My Interview With Ron Paul

He's a presidential hopeful who understands the benefits of limited government.

ByABC News
December 12, 2007, 11:43 AM

Dec. 12, 2007 — -- Over the last few months, I've received hundreds of e-mails from people asking me to interview Republican presidential candidate Ron Paul, so I did.

It's refreshing to interview a politician who doesn't mince words. It's even more refreshing to interview one who understands the benefits of limited government.

Here, then, is the first in a series of columns on my talk with Ron Paul. Some of Paul's answers are shortened.

What should government do?

Ron Paul: Protect our freedoms. Have a strong national defense. Look at and take care of our borders. Have a sound currency. That was the responsibility of the federal government, not to run our lives and run everything in the economy and extend the interstate-commerce clause and the general-welfare clause to do anything they want to do.

So defense, the military, police forces enforce contracts, and that's about it?

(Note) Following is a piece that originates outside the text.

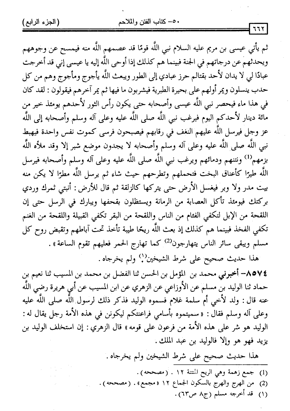 8574 - أَخْبَرَنِي مُحَمَّدُ بْنُ الْمُؤَمَّلِ بْنِ الْحَسَنِ ، ثَنَا الْفَضْلُ بْنُ مُحَمَّدِ بْنِ الْمُسَيِّبِ ، ثَنَا نُعَيْمُ بْنُ حَمَّادٍ ، ثَنَا الْوَلِيدُ بْنُ مُسْلِمٍ ، عَنِ الْأَوْزَاعِيِّ ، عَنِ الزُّهْرِيِّ ، عَنِ ابْنِ الْمُسَيِّبِ ، عَنْ أَبِي هُرَيْرَةَ رَضِيَ اللَّهُ عَنْهُ ، قَالَ: وُلِدَ لِأَخِي أُمِّ سَلَمَةَ غُلَامٌ فَسَمَّوْهُ الْوَلِيدُ ، فَذُكِرَ ذَلِكَ لِرَسُولِ اللَّهِ صَلَّى اللَّهُ عَلَيْهِ وَسَلَّمَ ، فَقَالَ: " سَمَّيْتُمُوهُ بَأَسَامِي فَرَاعِنَتِكُمْ ، لَيَكُونَنَّ فِي هَذِهِ الْأُمَّةِ رَجُلٌ يُقَالُ لَهُ الْوَلِيدُ ، هُوَ شَرٌّ عَلَى هَذِهِ الْأُمَّةِ مِنْ فِرْعَوْنَ عَلَى قَوْمِهِ " قَالَ الزُّهْرِيُّ: " إِنِ اسْتُخْلِفَ الْوَلِيدُ بْنُ يَزِيدَ فَهُوَ هُوَ ، وَإِلَّا فَالْوَلِيدُ بْنُ عَبْدِ الْمَلِكِ "

That's it. We would have a court system to enforce contracts, and when people do harm to others, when they take property or injure property, or pollute a neighbor's air, I think there's a role for government to protect our environment through private-property rights.

So keep us safe, enforce contracts, run the courts, pollution rules and otherwise butt out? Leave us alone?

Basically that, which would mean if I'm elected, I should immediately take a pay cut. You know, because I wouldn't have so much to do.

The Department of Education. You'd get rid of it?

Yes. We don't need it.

How will people get educated?

We might get better education. The evidence shows, since the 1950s, since the federal government's gotten involved, the quality of education has gone down, and the cost has gone up.

The federal government should have no role?

There's no authority for it, and they've proved themselves inefficient. The one city they're totally in charge of is Washington, D.C. Thirteen thousand dollars a year per student. They have more guns, more drugs, more violence. So there's no evidence that the government can do a very good job.